→ EXERCISE OBJECTIVE
From the data below, return only the lines from the one with "自吉林疫情形势严峻以来,华中" through the one with "Smart Storage Solutions", exact and inclusive, with pictures left out.

→ DATA
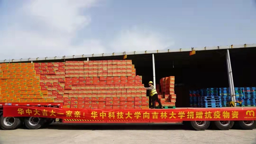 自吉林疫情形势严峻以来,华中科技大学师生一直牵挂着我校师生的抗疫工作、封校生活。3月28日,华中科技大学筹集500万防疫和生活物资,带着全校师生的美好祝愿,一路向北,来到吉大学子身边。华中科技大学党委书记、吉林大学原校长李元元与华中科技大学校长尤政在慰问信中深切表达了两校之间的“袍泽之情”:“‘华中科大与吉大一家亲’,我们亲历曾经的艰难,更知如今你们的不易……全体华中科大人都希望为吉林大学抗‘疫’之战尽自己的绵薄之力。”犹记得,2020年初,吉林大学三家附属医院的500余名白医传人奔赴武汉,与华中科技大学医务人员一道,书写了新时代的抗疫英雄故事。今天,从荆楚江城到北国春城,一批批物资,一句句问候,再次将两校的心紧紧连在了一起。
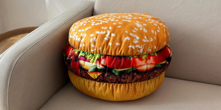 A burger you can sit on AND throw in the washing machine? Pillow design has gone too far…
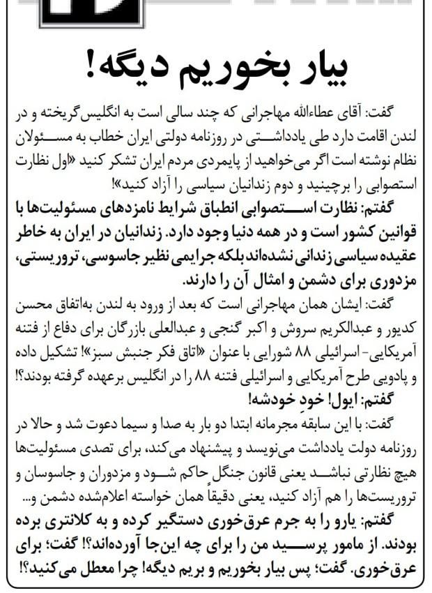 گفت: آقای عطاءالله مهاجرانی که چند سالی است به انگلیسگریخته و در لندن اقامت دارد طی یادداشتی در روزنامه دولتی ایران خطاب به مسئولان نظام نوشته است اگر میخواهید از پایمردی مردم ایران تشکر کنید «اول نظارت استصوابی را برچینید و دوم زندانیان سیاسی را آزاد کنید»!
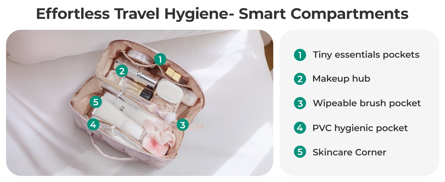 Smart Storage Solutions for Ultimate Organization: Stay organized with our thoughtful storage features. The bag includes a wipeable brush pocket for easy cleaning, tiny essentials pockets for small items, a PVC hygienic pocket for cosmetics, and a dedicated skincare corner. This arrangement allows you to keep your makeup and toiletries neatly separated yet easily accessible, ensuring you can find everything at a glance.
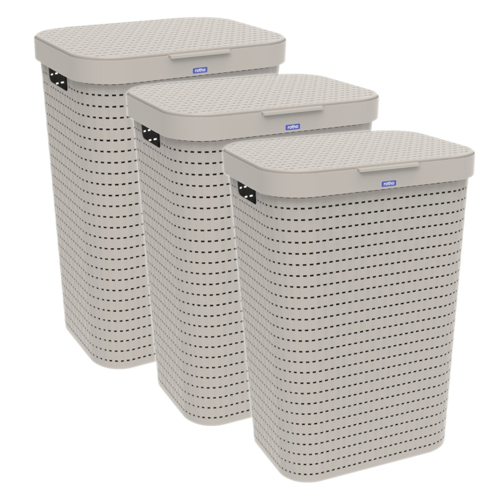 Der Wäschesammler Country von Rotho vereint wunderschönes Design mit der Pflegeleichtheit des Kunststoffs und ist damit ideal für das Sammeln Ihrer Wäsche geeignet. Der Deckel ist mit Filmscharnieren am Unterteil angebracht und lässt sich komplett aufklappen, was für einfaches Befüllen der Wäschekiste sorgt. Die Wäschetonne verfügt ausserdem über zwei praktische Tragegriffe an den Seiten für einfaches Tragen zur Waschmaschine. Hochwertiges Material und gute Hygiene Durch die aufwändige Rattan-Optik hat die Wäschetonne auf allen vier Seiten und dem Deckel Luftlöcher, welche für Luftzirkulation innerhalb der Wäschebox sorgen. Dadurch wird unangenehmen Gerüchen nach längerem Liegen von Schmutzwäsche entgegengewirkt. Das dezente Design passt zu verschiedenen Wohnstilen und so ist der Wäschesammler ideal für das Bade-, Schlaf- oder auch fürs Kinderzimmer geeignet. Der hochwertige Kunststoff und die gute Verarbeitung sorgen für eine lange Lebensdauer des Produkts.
...
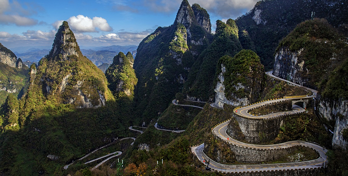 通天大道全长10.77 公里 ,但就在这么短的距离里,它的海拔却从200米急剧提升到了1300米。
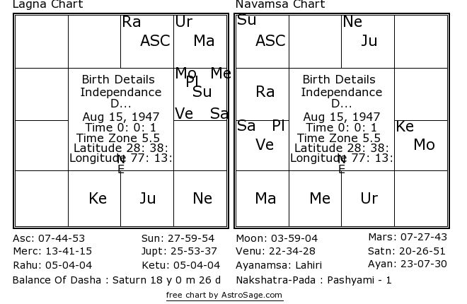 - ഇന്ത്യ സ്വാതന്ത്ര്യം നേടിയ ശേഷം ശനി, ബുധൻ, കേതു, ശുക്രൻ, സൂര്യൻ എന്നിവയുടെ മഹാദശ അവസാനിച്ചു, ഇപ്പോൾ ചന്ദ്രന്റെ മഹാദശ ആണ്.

→ OUTPUT OF THE EXERCISE
 自吉林疫情形势严峻以来,华中科技大学师生一直牵挂着我校师生的抗疫工作、封校生活。3月28日,华中科技大学筹集500万防疫和生活物资,带着全校师生的美好祝愿,一路向北,来到吉大学子身边。华中科技大学党委书记、吉林大学原校长李元元与华中科技大学校长尤政在慰问信中深切表达了两校之间的“袍泽之情”:“‘华中科大与吉大一家亲’,我们亲历曾经的艰难,更知如今你们的不易……全体华中科大人都希望为吉林大学抗‘疫’之战尽自己的绵薄之力。”犹记得,2020年初,吉林大学三家附属医院的500余名白医传人奔赴武汉,与华中科技大学医务人员一道,书写了新时代的抗疫英雄故事。今天,从荆楚江城到北国春城,一批批物资,一句句问候,再次将两校的心紧紧连在了一起。
 A burger you can sit on AND throw in the washing machine? Pillow design has gone too far…
 گفت: آقای عطاءالله مهاجرانی که چند سالی است به انگلیسگریخته و در لندن اقامت دارد طی یادداشتی در روزنامه دولتی ایران خطاب به مسئولان نظام نوشته است اگر میخواهید از پایمردی مردم ایران تشکر کنید «اول نظارت استصوابی را برچینید و دوم زندانیان سیاسی را آزاد کنید»!
 Smart Storage Solutions for Ultimate Organization: Stay organized with our thoughtful storage features. The bag includes a wipeable brush pocket for easy cleaning, tiny essentials pockets for small items, a PVC hygienic pocket for cosmetics, and a dedicated skincare corner. This arrangement allows you to keep your makeup and toiletries neatly separated yet easily accessible, ensuring you can find everything at a glance.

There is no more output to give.